Leave every picture out and write out the records below exactly.

══ EXTRACTED INFORMATION

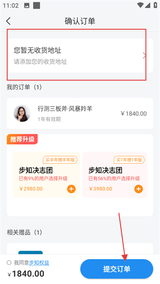 3、在確認(rèn)訂單頁面,添加收貨地址后點擊提交訂單可完成課程購買。
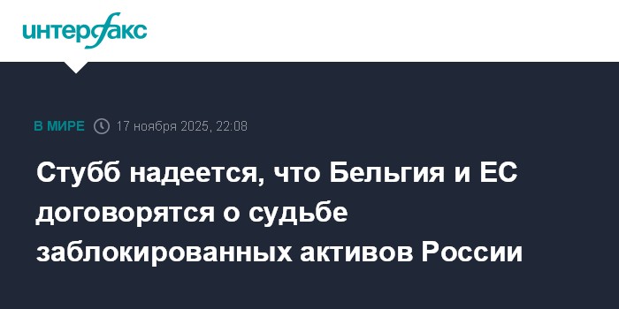 Стубб надеется, что Бельгия и ЕС договорятся о судьбе заблокированных активов России
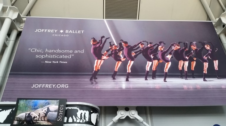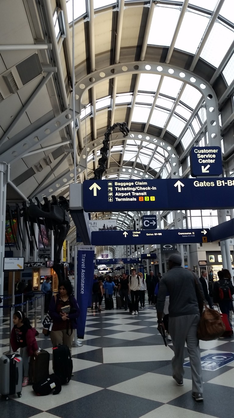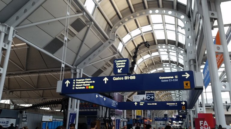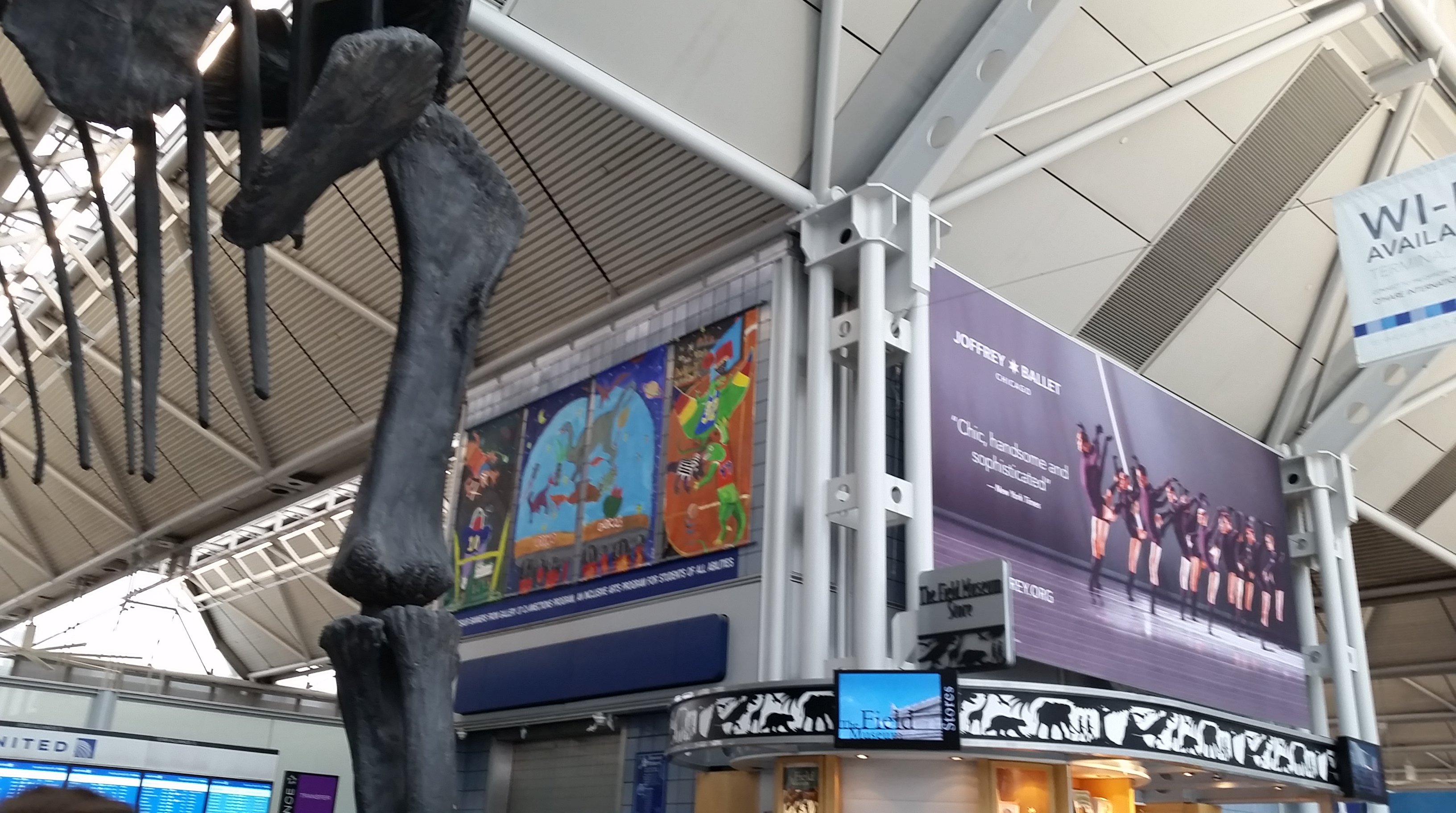 This Brachiosaurus altithorax is right there in the terminal, taking up a fair amount of room, as part of The Field Museum advertisement.
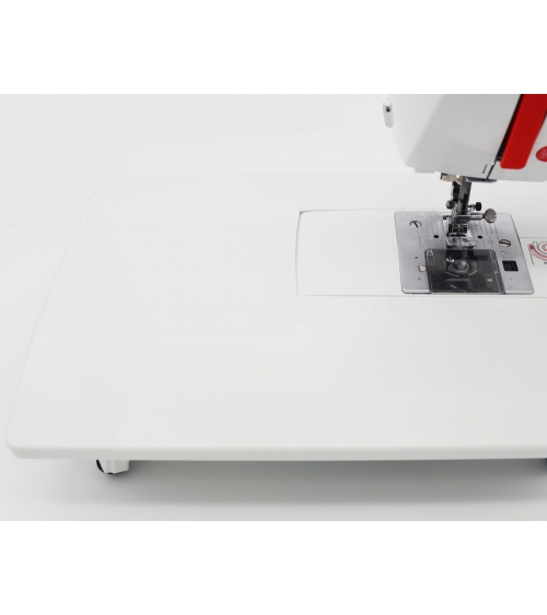 Poistamalla säilytyslokeron ompelukone voidaan helposti muuttaa vapaavartiseksi ompelukoneeksi. Putkimaisia ompeluprojekteja, kuten housureunat ja hihat, voidaan nyt helposti työstää. Mukana tulevalla jatkopöydällä työtasoa voidaan lisätä, jos joudut työskentelemään suurempien projektien kanssa, kuten verhot, vuodevaatteet tai vastaavat.
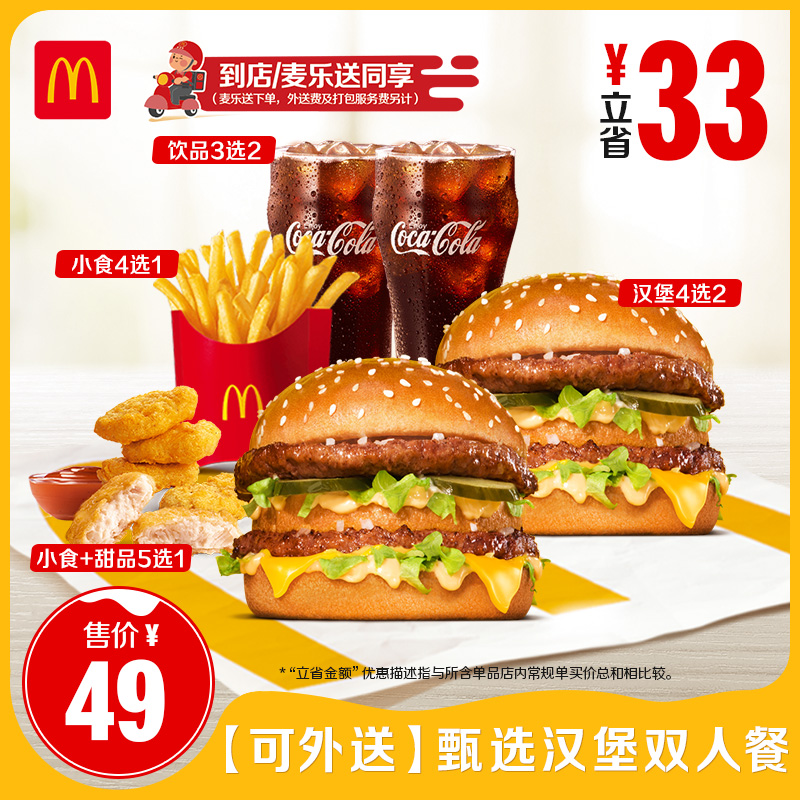【下拉详情有惊喜】麦当劳 甄选汉堡双人餐 单次券【谨防诈骗】
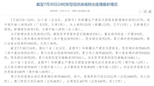 情況顯示,截至7月30日24時,據31個?。ㄗ灾螀^(qū)、直轄市)和新疆生產建設兵團報告,現(xiàn)有確診病例684例(其中重癥病例41例),累計治愈出院病例78974例,累計死亡病例4634例,累計報告確診病例84292例,現(xiàn)有疑似病例2例。累計追蹤到密切接觸者787335人,尚在醫(yī)學觀察的密切接觸者18461人。
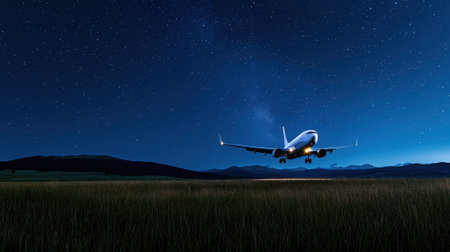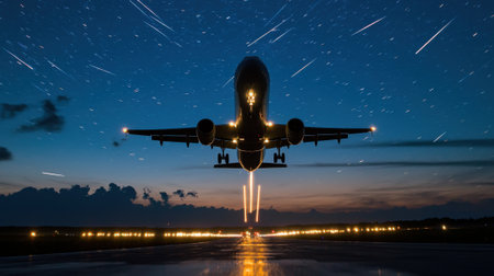 A night scene of an airplane taking off with its landing lights shining brightly, set against a starry sky, capturing the magic of flying under the stars.
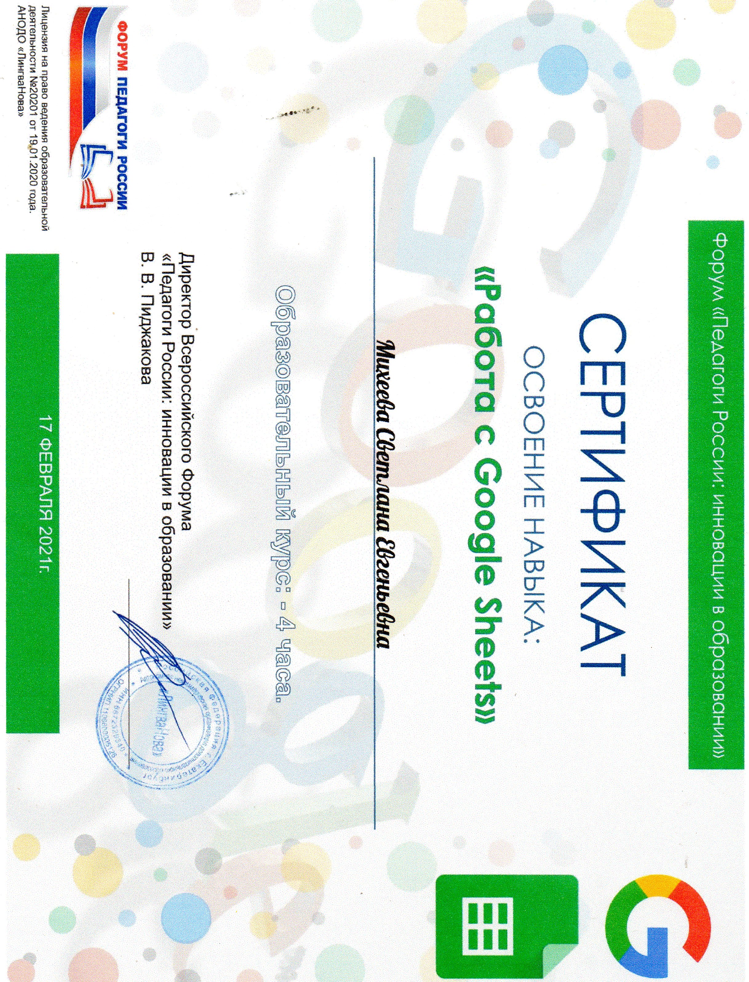Сертификат об освоении навыка "Работа с гугл-таблицами" - 4 часа, 2021 год
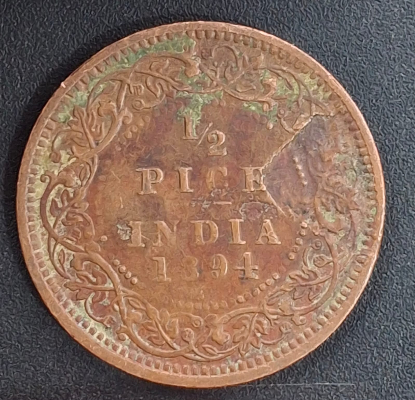 India – British ½ Pice 1894 – Victoria Rare Coin # L-718
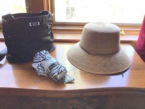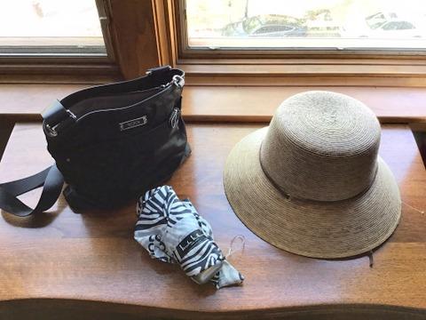 C125 - Black TUMI Shoulder Bag, Straw Hat & Nicole Miller Umbrella
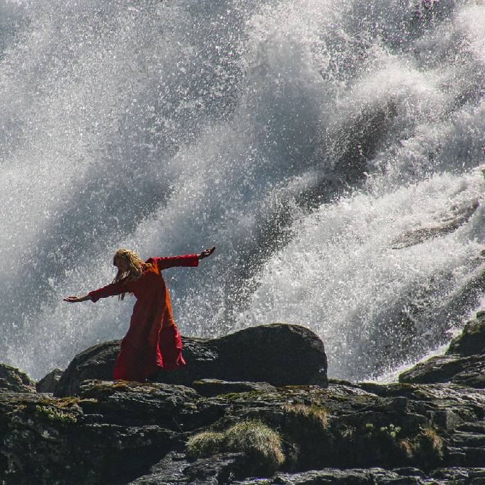 Beim Bahnhof angekommen, Fahrkarten gekauft (ziemlich teuer mit den Rädern, 400 Kronen pro Person). Aber die Eisenbahn hat eine volle Stunde für die 20km. Unterwegs wird aber am grossen Wasserfall Kjosfossen angehalten, wo wir dann sogar das Glück haben, die Unterweltgestalt Hulda zu sehen.
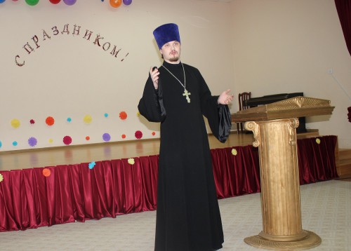 Также к родителям обратился настоятель храма Вознесения Господня, иерей Евгений Кизин. Батюшка пояснил, что модуль «Основы Православной Культуры» является культурологическим и имеет своей первоочередной целью ознакомление детей с богатейшей культурой Православия, тесно переплетенной с историей нашего Российского государства.
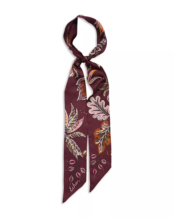 Шелковый шарф с лентой в виде падающих листьев Echo, фиолетовый
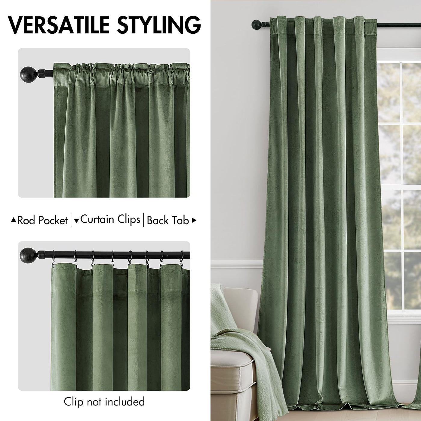 Miulee Sage Green Velvet Curtains 84 Inches - Luxury Blackout Curtains For Bedroom Living Room Thermal Insulated Super Soft Window Drapes Back Tab Rod Pocket, W52 X L84 Inches, 2 Panels
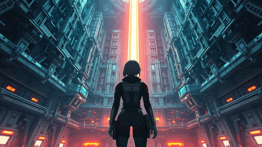 A young woman in a sleek spacesuit stands inside an enormous spaceship, her surroundings inspired by the Tsutomu Nihei style reminiscent of Sidonia no Kishi. Vast multi-story structures tower around her, emphasizing a sense of gigantism and advanced technology. In the center of the scene, a colossal laser generator hums with energy, casting a vibrant beam of light upwards, penetrating through levels of the ship and beyond. The atmosphere is charged with futuristic sci-fi elements, hyper-detailed with anime and manga aesthetics. Flashes of energy clots cascade around, hinting at incredible speed and acceleration as the ship navigates through the cosmos. Her perspective captures the intricately designed interior, showcasing high-definition resolution and 8K quality, emphasizing the super resolution and dynamic visuals of the spacefaring environment.
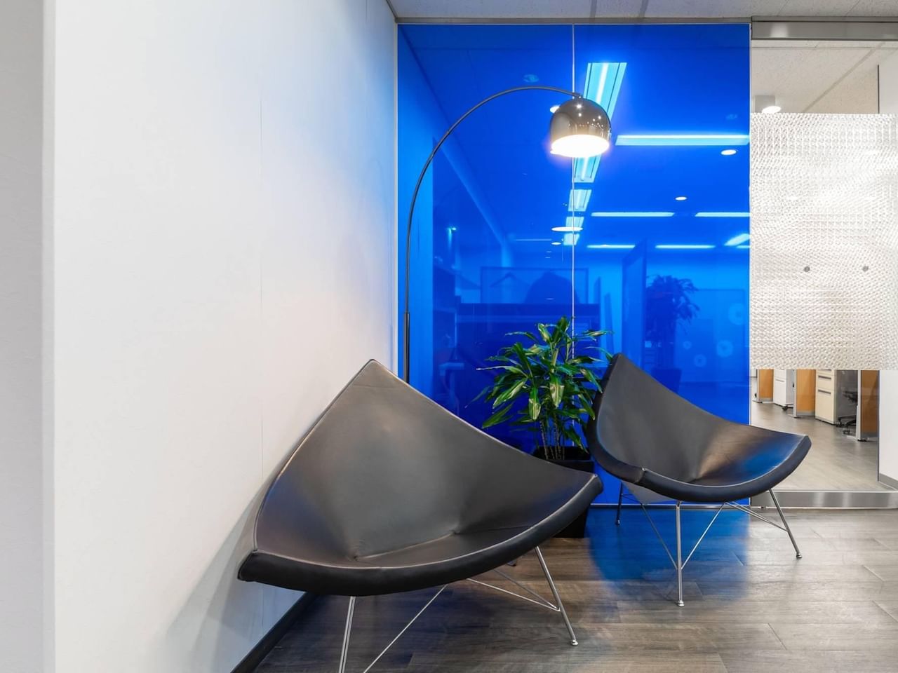 Bringen Sie Arbeit und Erholung in einem stilvollen Büro mit komfortablen Gemeinschaftsbereichen und einer Café-Bar unter einen Hut.
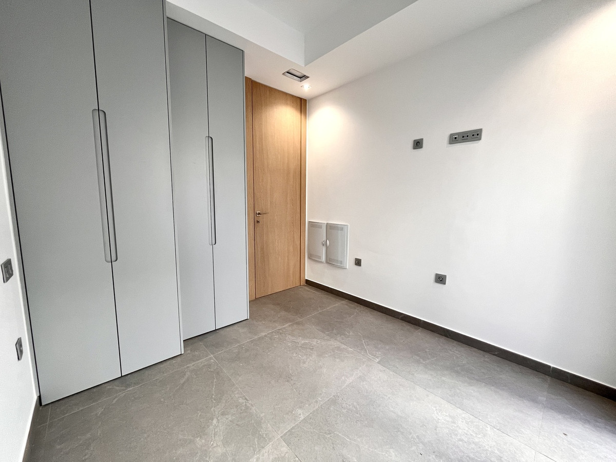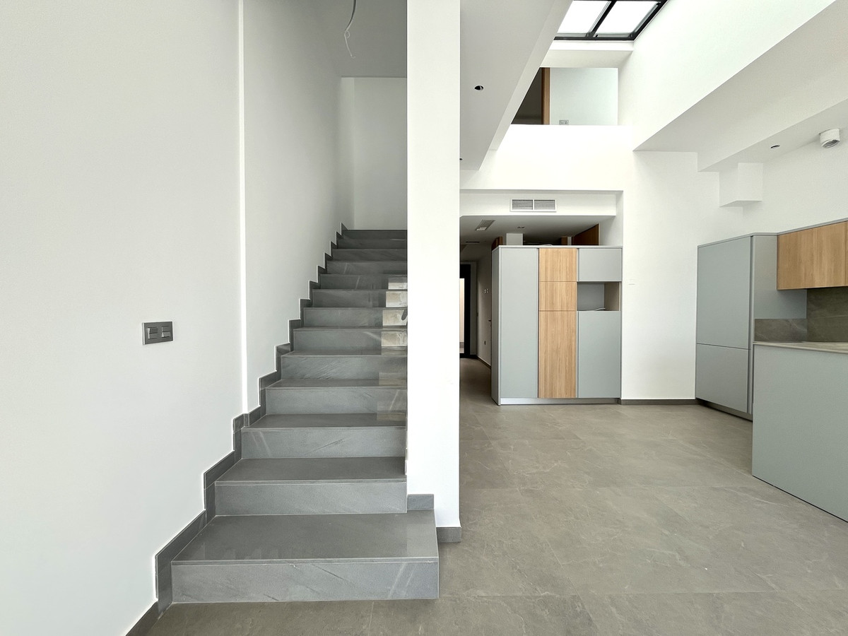 The villa welcomes you with spacious, light-filled interiors and a large open-plan kitchen that flows seamlessly into the living area, creating an inviting space for family life or entertaining. Each of the three bedrooms includes fitted wardrobes, while clever additional storage is provided under the stairs with built-in cupboards.
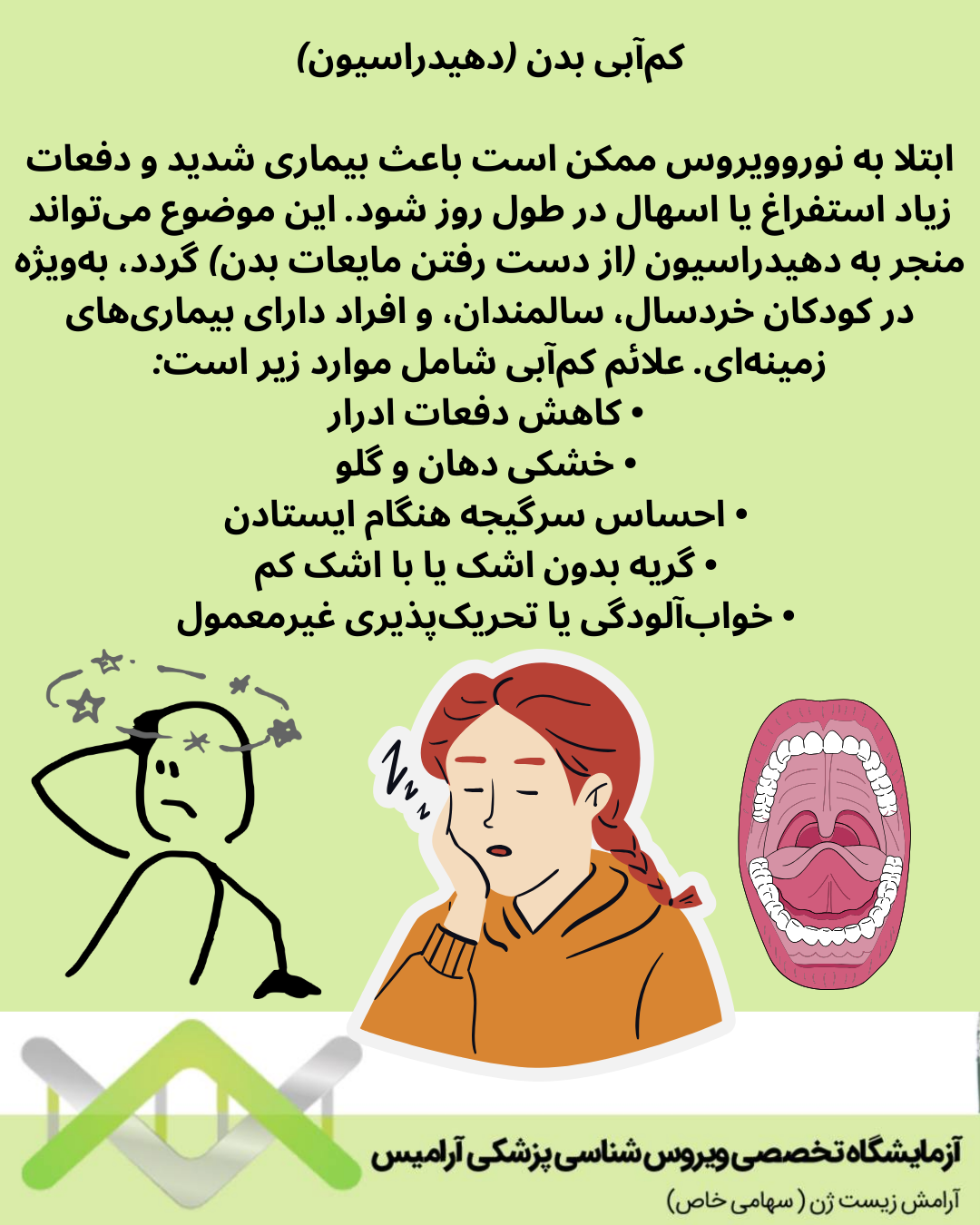 ابتلا به نوروویروس ممکن است باعث بیماری شدید و دفعات زیاد استفراغ یا اسهال در طول روز شود. این موضوع میتواند منجر به دهیدراسیون (از دست رفتن مایعات بدن) گردد، بهویژه در کودکان خردسال، سالمندان، و افراد دارای بیماریهای زمینهای. علائم کمآبی شامل موارد زیر است:
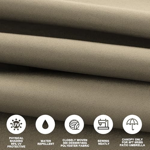 Patio Umbrella Replacement Canopy Only,Outdoor Khaki 9ft-8ribs Cover only
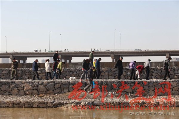 12月27日上午,咸陽湖放水剛結(jié)束,渭城橋下瞬間就變成了漁場,數(shù)百人在橡膠壩附近撿魚捕魚,有人甚至不顧危險跑到淤泥里去撈魚。咸陽湖管理處工作人員提醒,湖底淤泥情況不明,市民切勿涉險下湖撈魚,以免發(fā)生不測。

════

**REPLY TO THE TASK:**
 3、在確認(rèn)訂單頁面,添加收貨地址后點擊提交訂單可完成課程購買。
 Стубб надеется, что Бельгия и ЕС договорятся о судьбе заблокированных активов России
 This Brachiosaurus altithorax is right there in the terminal, taking up a fair amount of room, as part of The Field Museum advertisement.
 Poistamalla säilytyslokeron ompelukone voidaan helposti muuttaa vapaavartiseksi ompelukoneeksi. Putkimaisia ompeluprojekteja, kuten housureunat ja hihat, voidaan nyt helposti työstää. Mukana tulevalla jatkopöydällä työtasoa voidaan lisätä, jos joudut työskentelemään suurempien projektien kanssa, kuten verhot, vuodevaatteet tai vastaavat.
【下拉详情有惊喜】麦当劳 甄选汉堡双人餐 单次券【谨防诈骗】
 情況顯示,截至7月30日24時,據31個?。ㄗ灾螀^(qū)、直轄市)和新疆生產建設兵團報告,現(xiàn)有確診病例684例(其中重癥病例41例),累計治愈出院病例78974例,累計死亡病例4634例,累計報告確診病例84292例,現(xiàn)有疑似病例2例。累計追蹤到密切接觸者787335人,尚在醫(yī)學觀察的密切接觸者18461人。
 A night scene of an airplane taking off with its landing lights shining brightly, set against a starry sky, capturing the magic of flying under the stars.
Сертификат об освоении навыка "Работа с гугл-таблицами" - 4 часа, 2021 год
 India – British ½ Pice 1894 – Victoria Rare Coin # L-718
 C125 - Black TUMI Shoulder Bag, Straw Hat & Nicole Miller Umbrella
 Beim Bahnhof angekommen, Fahrkarten gekauft (ziemlich teuer mit den Rädern, 400 Kronen pro Person). Aber die Eisenbahn hat eine volle Stunde für die 20km. Unterwegs wird aber am grossen Wasserfall Kjosfossen angehalten, wo wir dann sogar das Glück haben, die Unterweltgestalt Hulda zu sehen.
 Также к родителям обратился настоятель храма Вознесения Господня, иерей Евгений Кизин. Батюшка пояснил, что модуль «Основы Православной Культуры» является культурологическим и имеет своей первоочередной целью ознакомление детей с богатейшей культурой Православия, тесно переплетенной с историей нашего Российского государства.
 Шелковый шарф с лентой в виде падающих листьев Echo, фиолетовый
 Miulee Sage Green Velvet Curtains 84 Inches - Luxury Blackout Curtains For Bedroom Living Room Thermal Insulated Super Soft Window Drapes Back Tab Rod Pocket, W52 X L84 Inches, 2 Panels
 A young woman in a sleek spacesuit stands inside an enormous spaceship, her surroundings inspired by the Tsutomu Nihei style reminiscent of Sidonia no Kishi. Vast multi-story structures tower around her, emphasizing a sense of gigantism and advanced technology. In the center of the scene, a colossal laser generator hums with energy, casting a vibrant beam of light upwards, penetrating through levels of the ship and beyond. The atmosphere is charged with futuristic sci-fi elements, hyper-detailed with anime and manga aesthetics. Flashes of energy clots cascade around, hinting at incredible speed and acceleration as the ship navigates through the cosmos. Her perspective captures the intricately designed interior, showcasing high-definition resolution and 8K quality, emphasizing the super resolution and dynamic visuals of the spacefaring environment.
 Bringen Sie Arbeit und Erholung in einem stilvollen Büro mit komfortablen Gemeinschaftsbereichen und einer Café-Bar unter einen Hut.
 The villa welcomes you with spacious, light-filled interiors and a large open-plan kitchen that flows seamlessly into the living area, creating an inviting space for family life or entertaining. Each of the three bedrooms includes fitted wardrobes, while clever additional storage is provided under the stairs with built-in cupboards.
 ابتلا به نوروویروس ممکن است باعث بیماری شدید و دفعات زیاد استفراغ یا اسهال در طول روز شود. این موضوع میتواند منجر به دهیدراسیون (از دست رفتن مایعات بدن) گردد، بهویژه در کودکان خردسال، سالمندان، و افراد دارای بیماریهای زمینهای. علائم کمآبی شامل موارد زیر است:
 Patio Umbrella Replacement Canopy Only,Outdoor Khaki 9ft-8ribs Cover only
 12月27日上午,咸陽湖放水剛結(jié)束,渭城橋下瞬間就變成了漁場,數(shù)百人在橡膠壩附近撿魚捕魚,有人甚至不顧危險跑到淤泥里去撈魚。咸陽湖管理處工作人員提醒,湖底淤泥情況不明,市民切勿涉險下湖撈魚,以免發(fā)生不測。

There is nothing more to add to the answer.